Synopsis
A lot has changed since Kitchen Confidential. For the subculture of chefs and cooks, for the restaurant business as a whole—and for Anthony Bourdain. Medium Raw explores those changes, taking the reader back and forth—from the author’s bad old days—to the present. Tracking his own strange and unexpected voyage from journeyman cook to globe travelling professional eater and drinker, Bourdain compares and contrasts what he’s seen and what he’s seeing, pausing along the way for a series of confessions, rants, investigations, and interrogations of some of the more controversial figures in food. Always returning to the question: “Why cook? “ Or the harder to answer: “Why cook well?”
Beginning with a secret and highly illegal after-hours gathering of powerful chefs he compares to a Mafia summit, the story follows the twists and eddies through subjects ranging from:
• “The Friends of David Chang” is an incredibly undiplomatic discussion with (and peek into the mind of) the hottest, most influential chef in America.
• “Don’t Ask Alice”: Alice Waters. Good . . . or Evil?
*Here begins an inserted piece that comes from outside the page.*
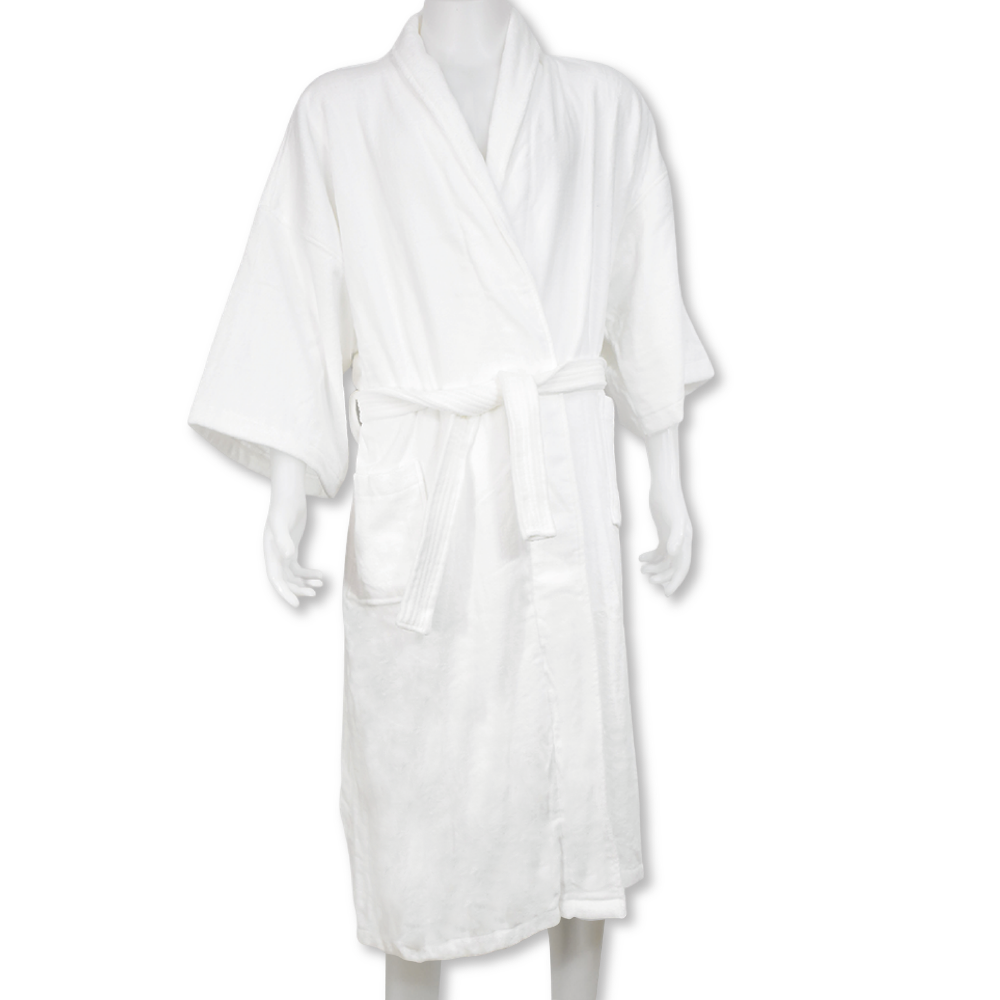 ชุดคลุมอาบน้ำ ทำจากผ้าขนหนู สีขาว # ไซต์ XL (กระเป่า 2 ด้าน)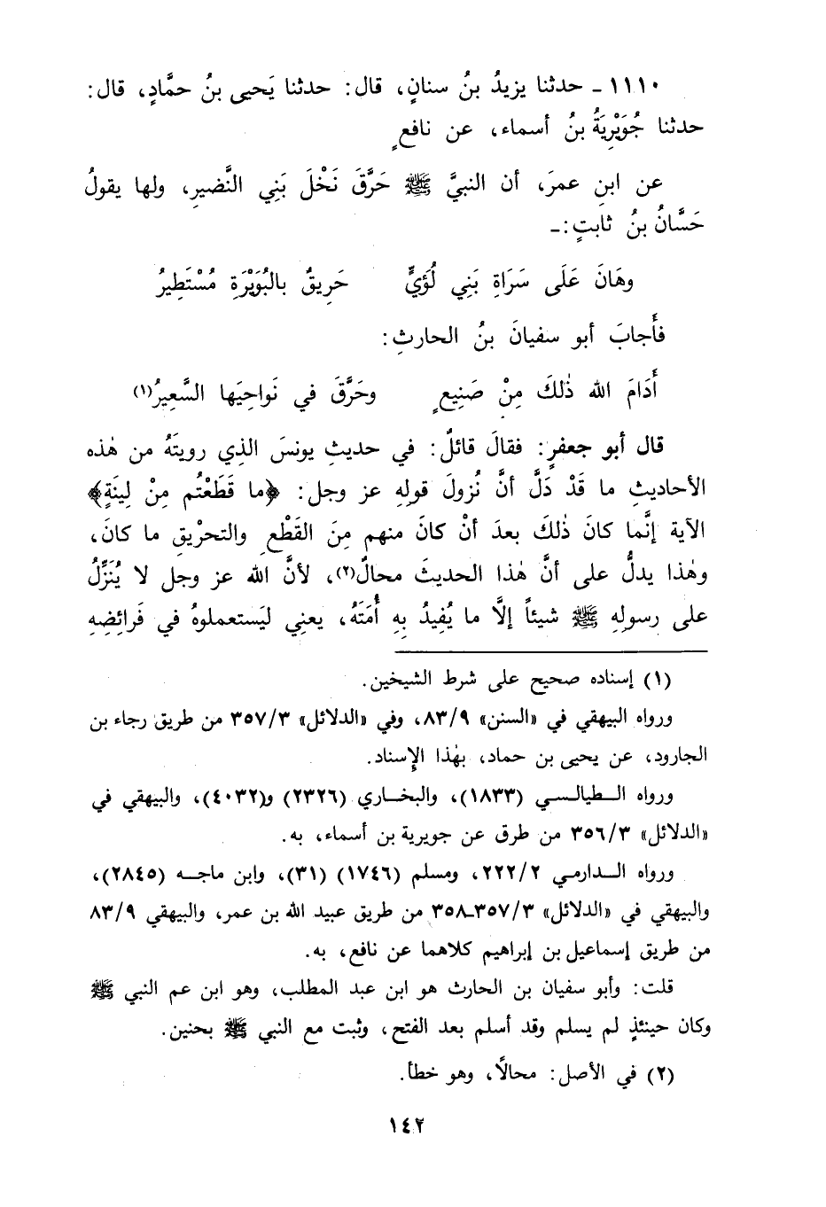 1110 - حَدَّثَنَا يَزِيدُ بْنُ سِنَانٍ، قَالَ: حَدَّثَنَا يَحْيَى بْنُ حَمَّادٍ، قَالَ: حَدَّثَنَا جُوَيْرِيَةُ بْنُ أَسْمَاءَ، عَنْ نَافِعٍ، عَنِ ابْنِ عُمَرَ، " أَنَّ النَّبِيَّ صَلَّى اللَّهُ عَلَيْهِ وَسَلَّمَ حَرَّقَ نَخْلَ بَنِي النَّضِيرِ " وَلَهَا يَقُولُ حَسَّانُ بْنُ ثَابِتٍ:

• The Big Shake Out: The restaurant business in post-economic meltdown America. How it’s changing. How it might change even more.
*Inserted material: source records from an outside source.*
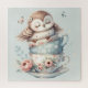 Quebra-cabeça Sleeping Owl in Stacked Floral Teacups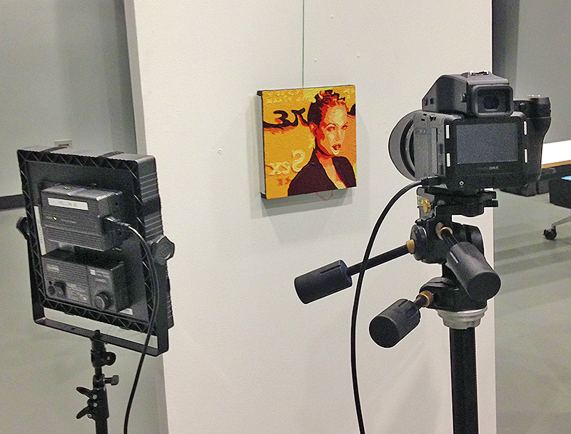 Example 2 The second example is a smaller piece, 300mm on each side, but it consisted of some degree of roughness in the form of up to 5mm raised oil paint strokes. The aim in this example was to scan at 2400DPI (approximately 100 dots per mm), 15 photographs in a 3x5 grid were acquired. ![]() Phase One and two area lights (turned off here)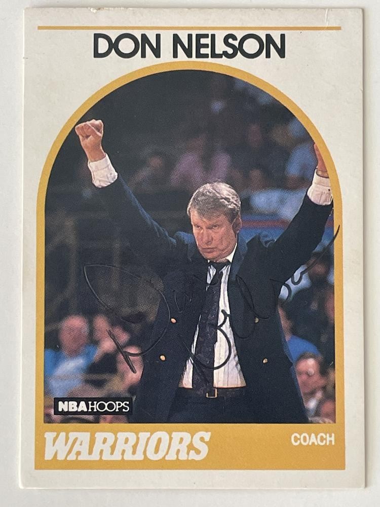 Warriors Don Nelson signed 1989-90 #273 NBA Hoops trading card. 2x3 inches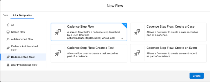 This feature also includes three Cadence Flow Step templates – Create a Task, Create a Case, and Create an Event.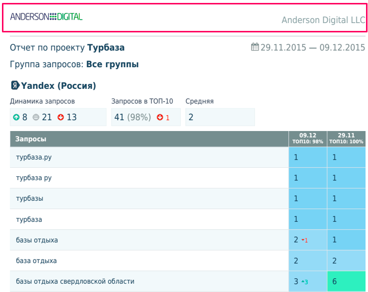 Неожиданно для себя разработали возможность брендировать отчеты под ваше агентство или компанию.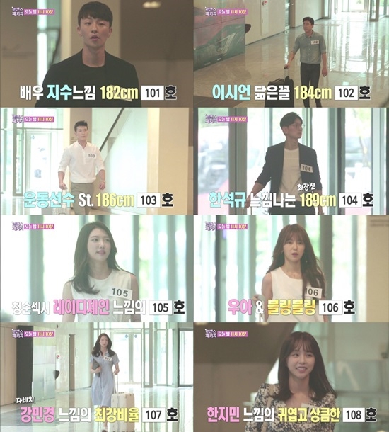 뒤이어 등장한 107호는 '다비치' 강민경 닮은 꼴 출연자였다. 107호의 등장에 전현무는 "강민경 씨 동생아니냐"고 말했을 정도. 마지막 108호는 귀엽고 상큼한 이미지의 여성이었다. 임수향이 미모에 감탄하는 동안 전현무는 "한지민과 손연재 느낌"이라고 밝혀 기대감을 자아냈다.

• And, Heroes and Villains. (With a few returning favorites.)
Richard says
Bourdain was a frustrated writer striving to attain celebrity status among best-selling authors. His books range from covering cooking to murder-mafia narratives. He is readable because he has curious turns of phrase. It’s staccato-paced reading that, after a while, tests one’s patience.
Credit the man, he got out of the kitchen many times and cooked up some eatable literary dishes, Kitchen Confidential, the most notable.